Потом Саньку попытались пропороть горло вилкой. Во время обеда. Саня шарахнулся в сторону, крайний зубец порвал кожу... на кавказца бросились с соседних столов, скрутили. Этого доходягу Саня хорошо знал - огромные уши, крючковатый нос, ножки, болтающиеся в сапогах, как карандаши в стакане. Они вместе ходили в наряды - ближе к трем часам ночи однопризывник зеленел, шатался, глаза у него закатывались под лоб... это сын гор не балабонил про свою гордость, он просил. " Пать мэнутэк, толка пать мэнутэк... барат... пать... барат... толка пать..". Саня отпускал его спать и драил краны до золотого блеска сам.
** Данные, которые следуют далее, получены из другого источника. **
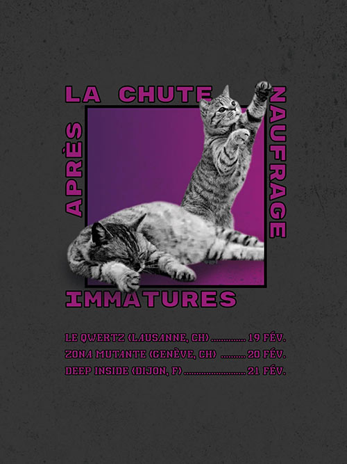 On passera par Lausanne 🇨🇭, Genêve 🇨🇭, et Dijon 🇫🇷 avec Immatures, Après La Chute et Naufrage du 19 au 21 Février.

Саня все ему простил, дело спустили на тормозах. Зато кавказец шептал при встрече - "вешайся, мы тэбэ резать будем, всех вас рэзать будэм..." и чиркал ребром ладони по смуглой цыплячьей шее. Однажды Санек, порядком уставший от этого змеиного шипения, решил опять помочь другу, как в старые времена и, не дожидаясь привычного жеста, рубанул по кадыку сам. Резатель смог только хекнуть - он рухнул на блестящий больничный линолеум кулем, санитары, помня про свежую штопку на Саниной шее, быстро утащили зверька в палату. Никто ничего и не узнал.

Хотя, наверное, все-таки узнали - так как после этого случая Саню и перевели и изолятор.

Изоляция была фактически полной - в двухместной каморке был собственный санузел. Душа, как ни странно, не было. Три раза в день ему исправно приносили еду - а в остальном про человека, который был причиной недавнего переполоха, кажется, забыли.

Окно изолятора смотрело на березы больничной рощи - и по вечерам Саней овладевало вот такое же состояние. Он подолгу стоял у окна, наблюдая за густеющими, словно бы пропитывающими снега тенями, за сумрачной роскошью заката, который пылал каждый вечер за сетью поникших веток какой-то невероятной агонией... и не знал, что ждать.

Однажды у него возникла смешная мысль - изолятор, оправдывая свое название, располагался в глубине коридора в стороне от других палат. Если бы желающим мщения кавказцам удалось проникнуть в санчасть после отбоя, то никто бы им не смог помешать вершить скорый и неправый свой суд.

Санек с наступлением вечера заклинивал дверь ножкой стула и застывал у окна с сигаретой, прикуривая одну от другой - пока не начинало щипать слюнные железы под ребрами не набухала сладковатым комом тошнота...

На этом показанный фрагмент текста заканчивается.